Case Presentation: A 40 year-old male went camping in southeast Missouri in May and suffered tick bites. He developed a fever, rash and myalgias. He was treated with doxycycline, which was discontinued due to anaphylaxis. Due to worsening abdominal pain and fatigue he went to the hospital.
He was febrile, ill-appearing, and jaundiced. He had scattered petechiae bilaterally on his axillae and flanks. His abdominal exam was unremarkable. Laboratory evaluations revealed significant hyperbilirubinemia, elevated liver enzymes, thrombocytopenia, and neutropenia. He was empirically started on ceftriaxone for a tick-borne illness. An abdominal CT revealed hepatosplenomegaly and ascites. Infectious evaluation for viral hepatitis and tick-borne illnesses was negative. Due to clinical deterioration, his antibiotics were broadened and treatment for idiopathic thrombocytopenia purpura with intravenous immunoglobulin and steroids was initiated. However, the patient developed shock and expired after cardiac arrest.

Autopsy revealed multi-organ fungal growing Candida tropicalis. Pathology suggested hemophagocytic lymphohistiocytosis (HLH) in the liver, spleen, lymph nodes and bone marrow. He met 6/8 criteria for HLH with fever, splenomegaly, thrombocytopenia and neutropenia, elevated ferritin, elevated interleukin-2 receptor, and low natural killer cell activity.

Discussion: HLH is an uncontrolled inflammatory response of lymphocytes and macrophages. The diagnosis must fulfill five out of nine diagnostic criteria including fever, splenomegaly, bi-cytopenia, hypertriglyceridemia, hypofibrinogenemia, elevated ferritin, hemophagocytosis in the bone marrow/spleen/lymph nodes, low natural-killer cell activity, and elevated interleukin-2 receptor. Treatment of HLH involves immune-suppression with chemotherapy to suppress the hyperinflammatory and supportive care such as transfusions.

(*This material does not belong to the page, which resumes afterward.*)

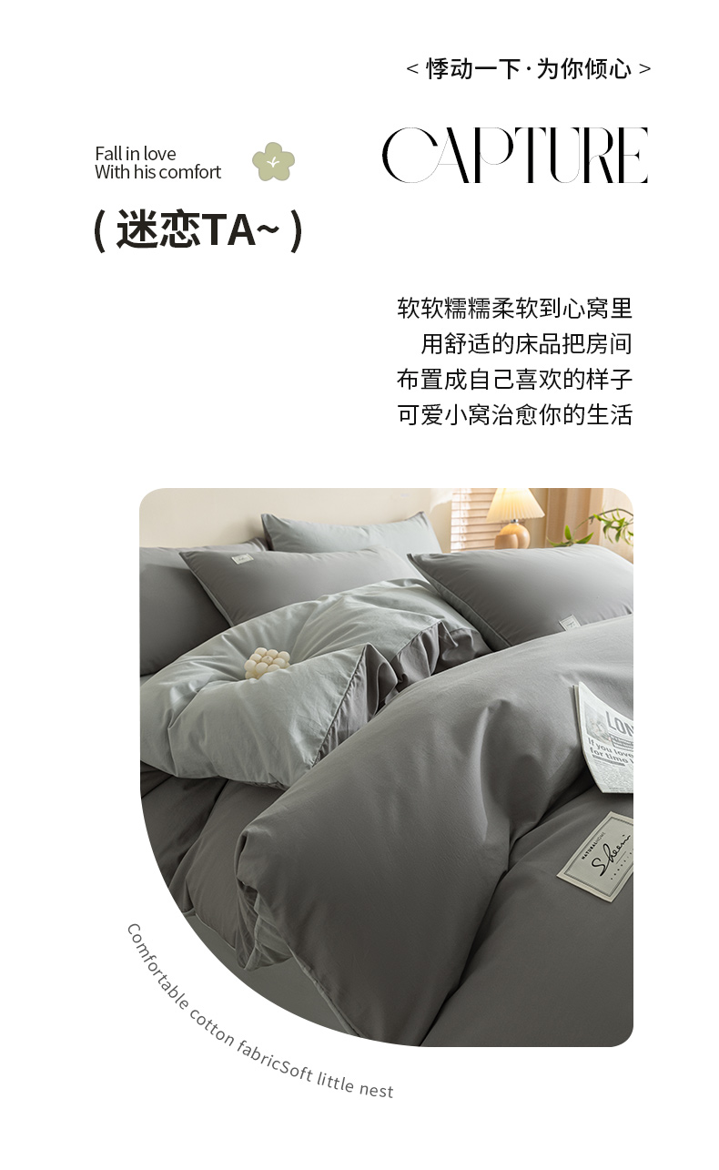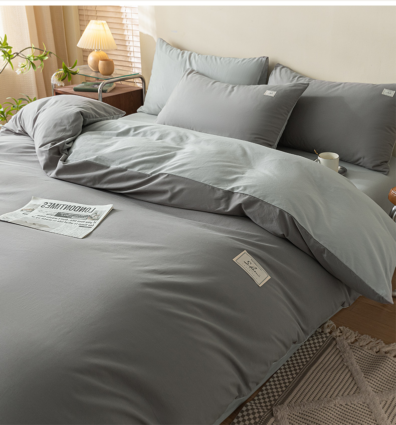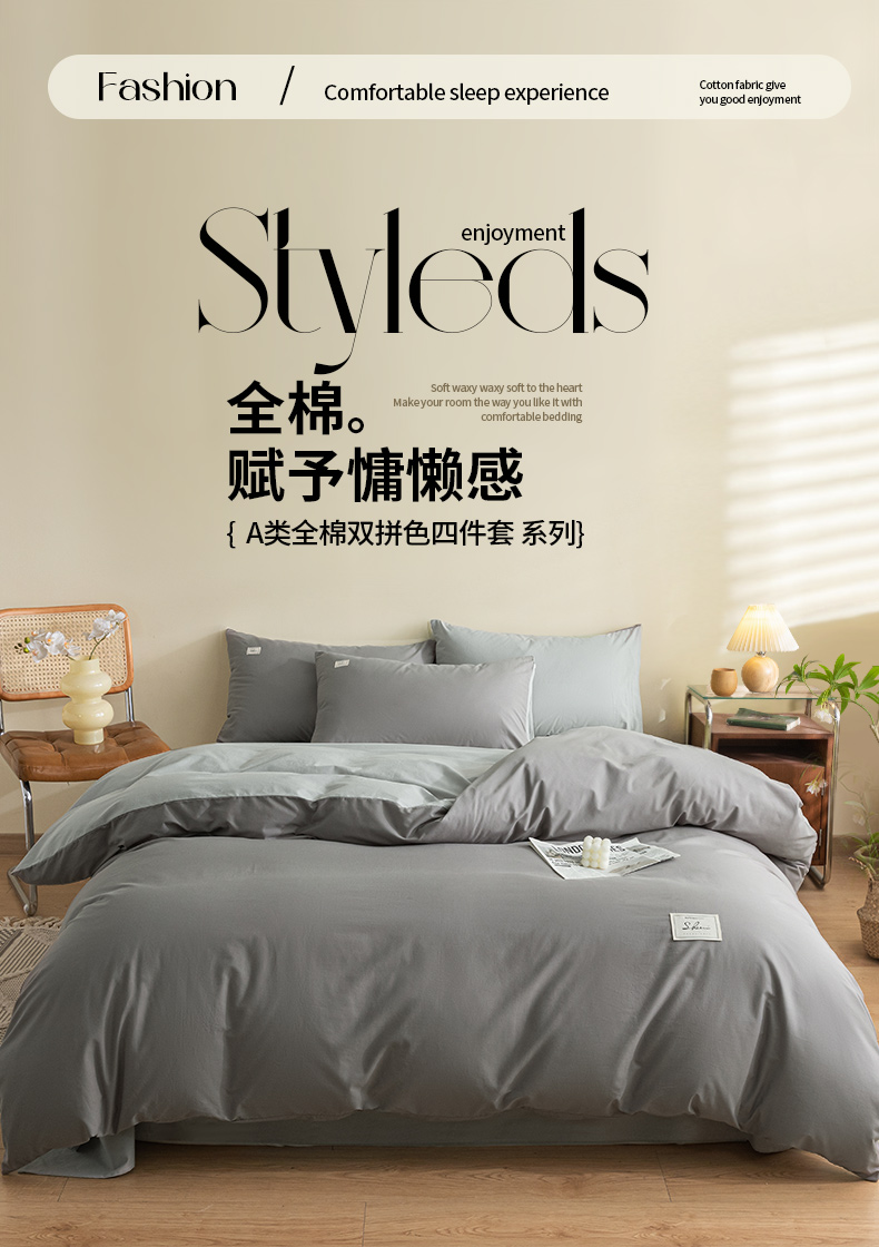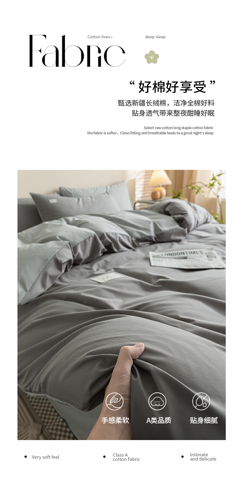 当前位置: 91家纺网 > 商品网购 > 床品套件 > 四件套 > 全棉普通四件套 > 木子家纺 2024新款纯色双拼40支全棉水洗棉四件套 深灰浅灰

In this case, the patient’s immediate cause of death was widespread fungal infection secondary to his profound pancytopenia and liver failure. The etiology of his pancytopenia is likely related to a tick-borne illness which led to the development of HLH.

There have only been a few case reports from tick-borne related illness causing HLH in areas such as Southeast Asia and the Midwest United States. This case serves as a reminder that HLH can present as a severe clinical presentation from tick-borne illnesses. This likely predisposed the patient to develop disseminated Candida. Early diagnosis, treatment and supportive care for HLH and co-infections can improve prognosis.

Conclusions: Our patient’s clinical history suggests a tick-borne pathogen led to the development of HLH. This predisposed him to develop the disseminated Candida tropicalis infection. Unfortunately he deteriorated rapidly and died. This case emphasizes the importance to recognize the diagnostic criteria for HLH. In addition, in patient with severe neutropenia, it is important to consider beginning antifungal medications for prophylaxis.